Она умолкла на несколько минут.

- И однажды я поняла, что дальше ждать нельзя.  В то время я уже жила здесь, с мамой,  и каждый четверг ездила в Лондон - да, именно тогда Вы и видели меня. Ещё несколько лет назад не без помощи Джейн я купила револьвер; каждый раз, собираясь к Апдайку, я первым делом клала его на дно портфеля, каждый раз давала себе обещание: “Сегодня, это случится сегодня”...

...- Удивительно, правда? - однажды для вас наступает самый важный в жизни день, а для всех остальных мире будто ничего и не изменилось… До обеда всё шло как обычно: Апдайк проверял то, что я напечатала, вносил правки… Потом мы сделали перерыв.

… -Дверь в библиотеку была приоткрыта; я знала, что каждый день, после обеда он отдыхает там. Я осторожно заглянула внутрь: Апдайк спал в кресле, книга выпала из его руки. До сих пор помню это странное впечатление: книга в тёмной обложке на пёстром ковре в желтовато-коричневых тонах - будто мёртвая птица на земле, покрытой опавшими листьями, - Эмма виновато улыбнулась и бросила быстрый взгляд на Пуаро:

- Наверное, странно, что я тогда обратила внимание на что-то, кроме самого Апдайка... Но эта сцена - Апдайк в кресле, книга на ковре - я до сих пор вижу её в мельчайших подробностях, стоит мне только закрыть глаза…
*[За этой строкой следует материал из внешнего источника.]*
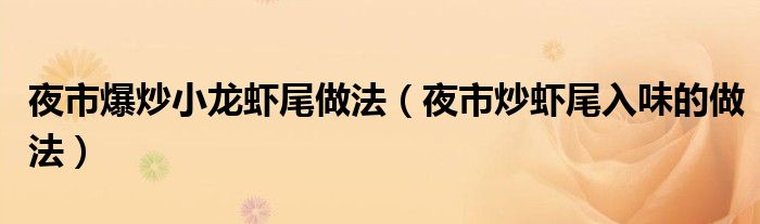 大家好,小晋来为大家解答以下问题,关于夜市爆炒小龙虾尾做法,夜市炒虾尾入味的做法很多人还不知道,今天让我们一起来看看吧!

Судорожный вздох, будто ей не хватает воздуха.

- Я подошла к нему почти вплотную; к счастью, ковёр был совсем мягкий, и мои шаги никто бы не услышал, - она замолчала, глядя через стекло во тьму сада. - Мне казалось, сама судьба толкает меня... Толкает на это.

Эмма вновь посмотрела на собеседника: на её губах играла рассеянная улыбка, будто она не верила своей удаче. Лицо Пуаро словно окаменело; Эмма почувствовала, как страх, будто ледяная рука, сжимает её сердце: что, если он - даже он - не поймёт?

- Меня вдруг поразило ощущение необыкновенной ясности происходящего, будто вот-вот решится некий важный вопрос. Посудите сами: его жена только и мечтала, чтобы убрать мужа и быть с любовником-артистом, сын и дочь не могли дождаться наследства, утром того дня Апдайк со скандалом уволил дворецкого, который, как выяснилось, воровал семейное серебро... Все они были в доме, и каждый мог придти в библиотеку, каждый знал, что Апдайк работает там... Несколько месяцев - всё время, что я работала у Апдайка, я возила в своей сумке револьвер... Конечно, в тот момент у меня его с собой не было, он остался в сумке в его кабинете... Но рядом с креслом я увидела нож для вскрытия писем. Господи, как описать Вам, какое счастье я испытала в тот момент! Будто само провидение вложило тот нож мне в руку! - Эмма рассмеялась, запрокинув голову, мучительно мечтая побороть вновь подступающие слёзы. - Не правда ли, всё как в дурной детективной пьесе? Зритель догадался обо всём раньше сыщика, потому что автор совал улики прямо ему под нос…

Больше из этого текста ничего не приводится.